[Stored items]
▬▬▬▬▬▬▬▬▬▬

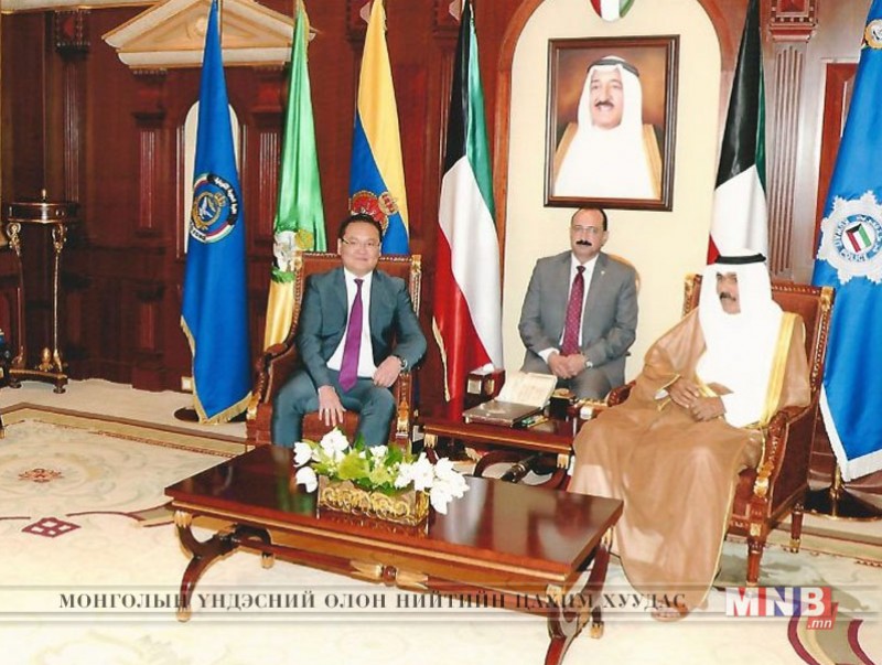 Үүний хариуд Шейх Наваф Аль-Ахмед Аль-Жабер Аль-Сабах Монгол, Кувейтийн харилцаа, хамтын ажиллагаа жилээс жилд өргөн хөгжиж байгаад сэтгэл хангалуун байгаагаа илэрхийлээд, Кувейт Улсын Засгийн газар Монгол Улсад бүх талын дэмжлэг, туслалцаа үзүүлэхэд бэлэн байгааг нотлов. Уулзалтын төгсгөлд Элчин сайд Угсаа залгамжлах Ханхүүд эрүүл энх, сайн сайхныг хүсэв.
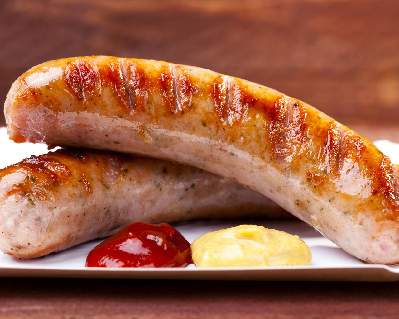 Обои Сосиски барбекю на столе с соусом
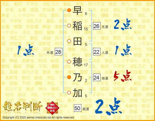 早(6画)稲(15画)田(5画) 穂(17画)乃(2画)加(5画)
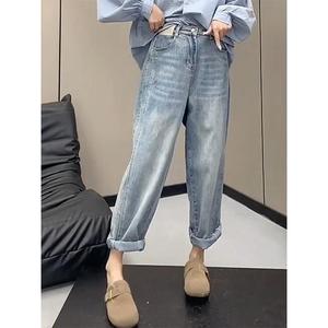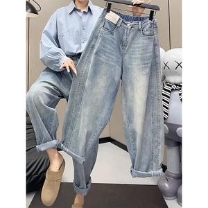 レトロハイウエストストレッチハーレムダッドジーンズ女性の夏の洋ナシ体型痩身大きいサイズ9点ストレートパンツ
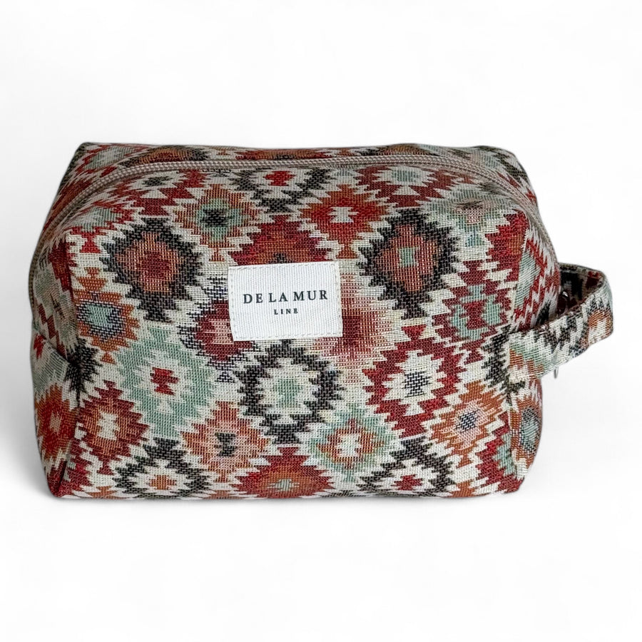 Neceser mediano con cremallera en la parte superior y con asa lateral. Con tejido grueso de jacquard con estampado geométrico multicolor. Para su correcto mantenimiento se aconseja lavarlo en frío y no utilizar secadora.

▬▬▬▬▬▬▬▬▬▬

__TASK TO CARRY OUT__
In the data above, retype only the stretch from the line with "早(6画)稲(15画)田(5画) 穂(17画)乃(2画)加(5画)" through the line with "レトロハイウエストストレッチ", word for word, and skip any pictures.

__SOLUTION__
 早(6画)稲(15画)田(5画) 穂(17画)乃(2画)加(5画)
 レトロハイウエストストレッチハーレムダッドジーンズ女性の夏の洋ナシ体型痩身大きいサイズ9点ストレートパンツ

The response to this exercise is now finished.